Elle était en vacances en Thaïlande avec sa maman lorsqu’elle a reçu un e-mail de l’Elysée. Une invitation impromptue à participer à une rencontre réunissant autour d’Emmanuel Macron les grands noms de l’intelligence artificielle d’origine française: Arthur Mensch (Mistral), Xavier Niel (Iliad), Yann Le Cun (Meta)... ainsi que de prestigieux invités étrangers parmi lesquels Eric Schmidt (Google) ou Robin Li (Baidu).
Cofondatrice et CEO de la start-up Virtuosis, lancée à l’EPFL et désormais basée au Biopôle d’Epalinges, Lara Gervaise a d’abord cru à une plaisanterie avant de comprendre le sérieux du message. Et les implications pratiques de sa participation. «Je n’avais avec moi aucun vêtement adapté aux circonstances et c’est mon associé, Edoardo, qui m’a apporté la tenue nécessaire à ma descente d’avion. Je me suis changée dans un café et j’ai foncé au rendez-vous.»
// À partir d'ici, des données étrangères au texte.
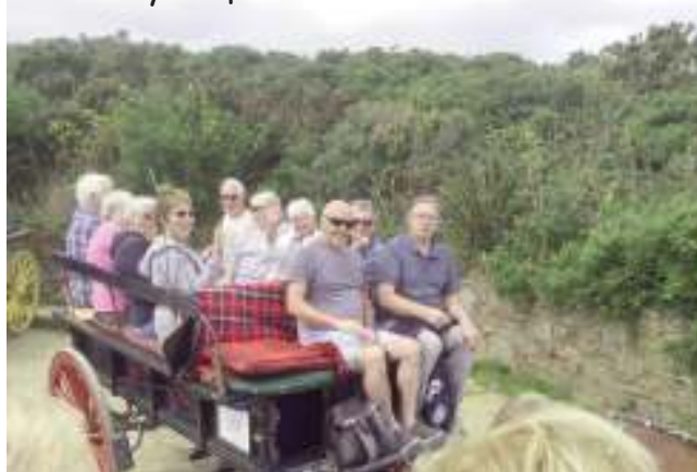
Guernsey Trip - Traffic Jam In Sark

There will be a minimum number required.
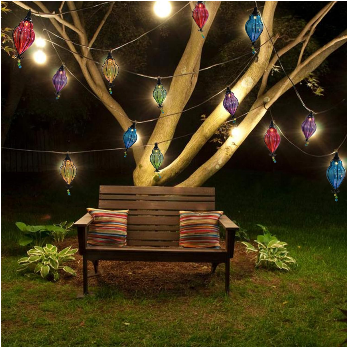
Image: String lights installed outdoors, providing ambient lighting over a patio bench.

Your browser does not support the video tag.

Prévenir les maladies avec un simple enregistrement
Un échange de cinq minutes en bilatéral a permis à la jeune ingénieure d’expliquer au président français la technologie de Virtuosis et de répondre à ses questions. «Il a tout de suite compris de quoi il retournait», souligne Lara Gervaise. En quelques mots: grâce à l’intelligence artificielle, la start-up vaudoise développe des outils d’analyse des biomarqueurs de la voix offrant aux médecins, notamment aux généralistes, une aide au diagnostic rapide et fiable des signes avant-coureurs du burn-out, une mesure précise de la tension artérielle, mais aussi la détection précoce du parkinson, du diabète de type 2, des pathologies cardiovasculaires, du cancer de la gorge… plus d’une vingtaine de maladies au total.
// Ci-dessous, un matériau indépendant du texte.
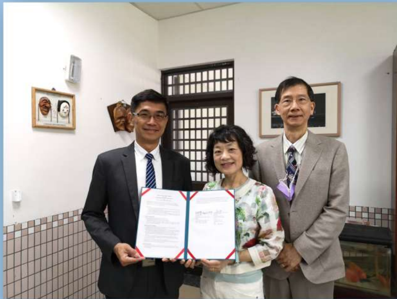
Presentation of MOU at the National Hualien Senior High School
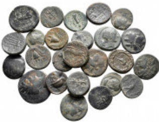
2457 Lot of ca. 25 greek bronze coins / SOLD AS SEEN, NO RETURN! very fine 10
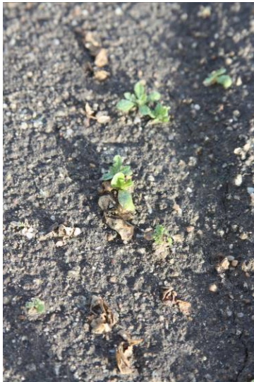
10 - NpHuric

On voit d’ici l’énorme potentiel de cette technologie en matière de prévention et de développement de la télémédecine. Avec comme corollaire une réduction des coûts de la santé. Et le recours, en particulier dans les pays en voie de développement et dans les déserts médicaux, à des prestations médicales difficilement accessibles jusqu’ici. Emmanuel Macron a d’ailleurs d’emblée mis en contact Virtuosis avec son ministre de la Santé. Un ambitieux programme national de prévention des risques psychosociaux en a résulté.
Avec Emmanuel Macron, lors d’une rencontre au sommet avec des acteurs importants de l’IA.
En Suisse, Virtuosis a noué des collaborations avec les HUG pour une expérience de prévention du burn-out chez le personnel soignant. Elle s’apprête à annoncer plusieurs partenariats en matière de téléconsultations avec des acteurs importants de la santé, dont plusieurs assureurs. Mentionnons aussi l’intérêt du géant bâlois de la pharma Roche pour cette technologie.
La voix offre une richesse d’informations qu’on commence à peine à exploiter, nous explique Lara Gervaise. Sur la base d’un bref enregistrement vocal, la tonalité, la vitesse et le rythme d’élocution sont corrélés avec les maladies mentionnées ci-dessus. La fiabilité du diagnostic dépend au final de la quantité ainsi que de la qualité des données recueillies et analysées par l’intelligence artificielle. Et l’ingénieure de souligner l’importance des liens noués avec des universités, des hôpitaux et des instituts de recherche du Canada aux Emirats arabes unis, en passant par le Luxembourg et la Suisse, bien évidemment. Ces collaborations fournissent, sous forme d’études cliniques, la matière première essentielle à Virtuosis.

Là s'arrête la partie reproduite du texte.